2020年5月に内定し、同年8月に入社した水谷氏が採用プロセスのすべてをクリアし、ポジションを獲得するまでの詳細について以下、Forbes JAPAN独占インタビューに答えた。
連絡はヘッドハンターや人事担当ではなく「ビジネス部門」からだった
2020年3月、水谷は新しいチャレンジをしたいと思い転職先を探していた。そんな時にLinkedin経由で1通のメールが届く。差出人はDuolingoのキャリー。
「私たちは、日本での成長とマーケティング活動を開始するために、カントリーマネージャーを探しています。あなたの経験とマーケティングの専門知識は、特に関連性が高く興味深いです!」という内容だった。
Duolingoという名前は聞いたことがあったが深くは知らなかった。ただ、水谷の目を引いたのは、キャリーがStrategy & Business(戦略ビジネス)部門の人間だったことだ。
「なぜ、ヘッドハンターやHR(人事や人材獲得担当部門)ではなく、ビジネス部門の人間が自ら連絡してきたのだろう?」
興味を惹かれた水谷が折り返し連絡すると、ほどなくキャリーとのオンライン面談となった。
キャリーはスタンフォードMBA、世界最強ファンドKKR出身。水谷は「Duolingoにはこういう優秀な人間がいるのか」と驚いた。実は彼女は、ビジネス部門でのメイン業務の傍ら、遠隔で日本のマーケティング活動を行っており、アジアの中でも特に有望視している日本市場の専任を探していたのだ。
面談で水谷は、Duolingoのアプリを触ってみて感じたことをキャリーに伝えたという。

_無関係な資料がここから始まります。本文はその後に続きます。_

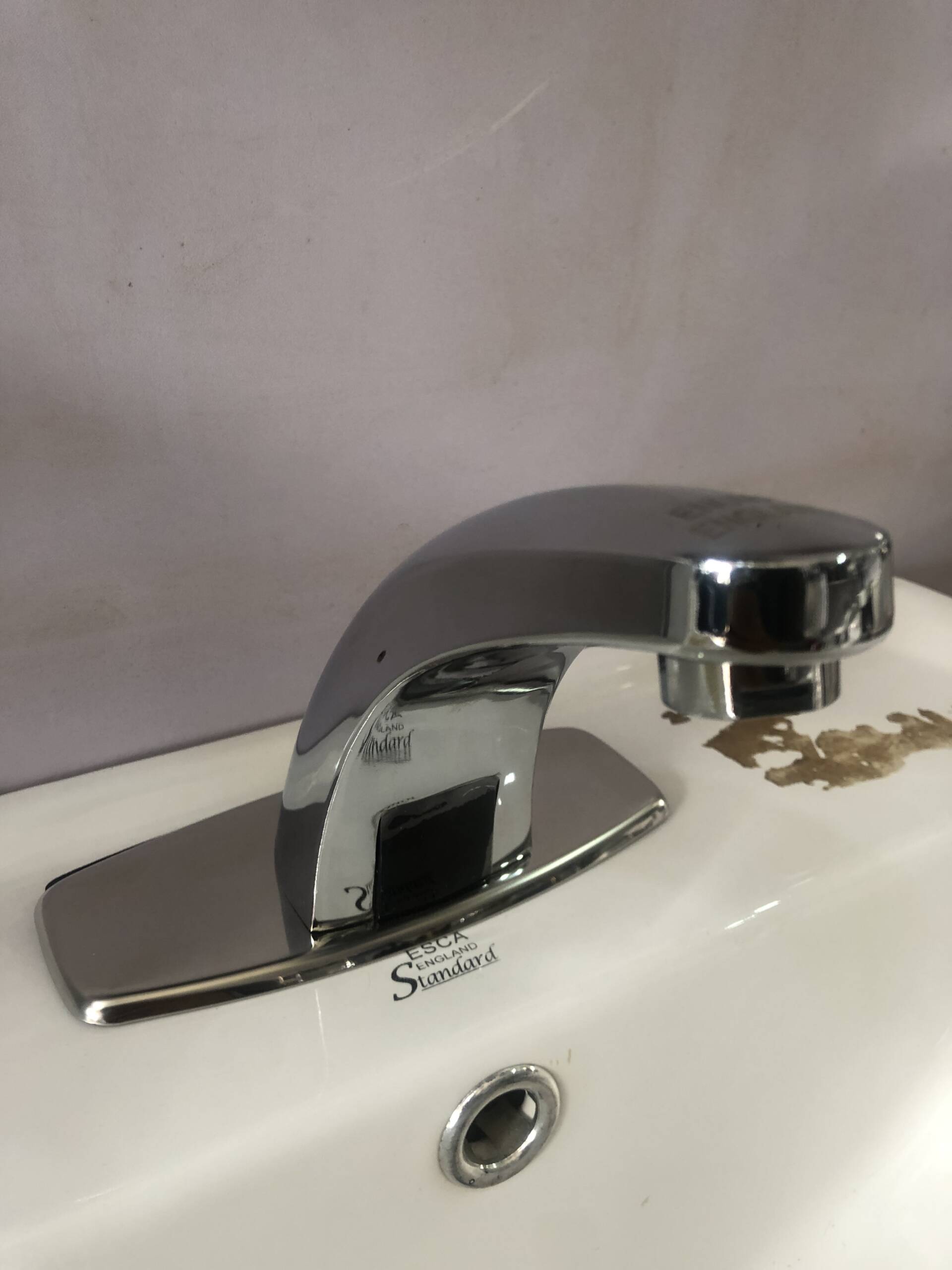 - Stainless steel elbow-style touchless sensor tap

「『Duolingoのアプリは初級者向けにはよくできているけれど、中級から上級を目指す人には簡単すぎて物足りないと感じる』と言ったんです。ちなみに、今はもうこの課題は解決していますが」
キャリーも同じ認識だった。そしてさらに、日本マーケットに対する戦略を考えるうえで、相応しいターゲットは誰だと思うか聞いてきた。
水谷は、「ある程度英語に対する下地があり、そこから上を目指すCurrent Learner(すでに英語を勉強している学習者)ではなく、Potential Learner(これから英語を身に付けたいと考えている、まだ勉強を開始していない潜在学習者)だと思う」と答えたという。
するとキャリーは満足げにうなずき、「今の日本市場には初級中級者向けの英語学習ツールがないため、Duolingoの課題は逆に優位性となり、日本で独特のポジションを築くことができるだろう」と話した。
その洞察力に水谷は驚いた。遠隔で活動しているにもかかわらず、まるで日本に住んでいるかのように日本ユーザーの特性を理解していたからだ。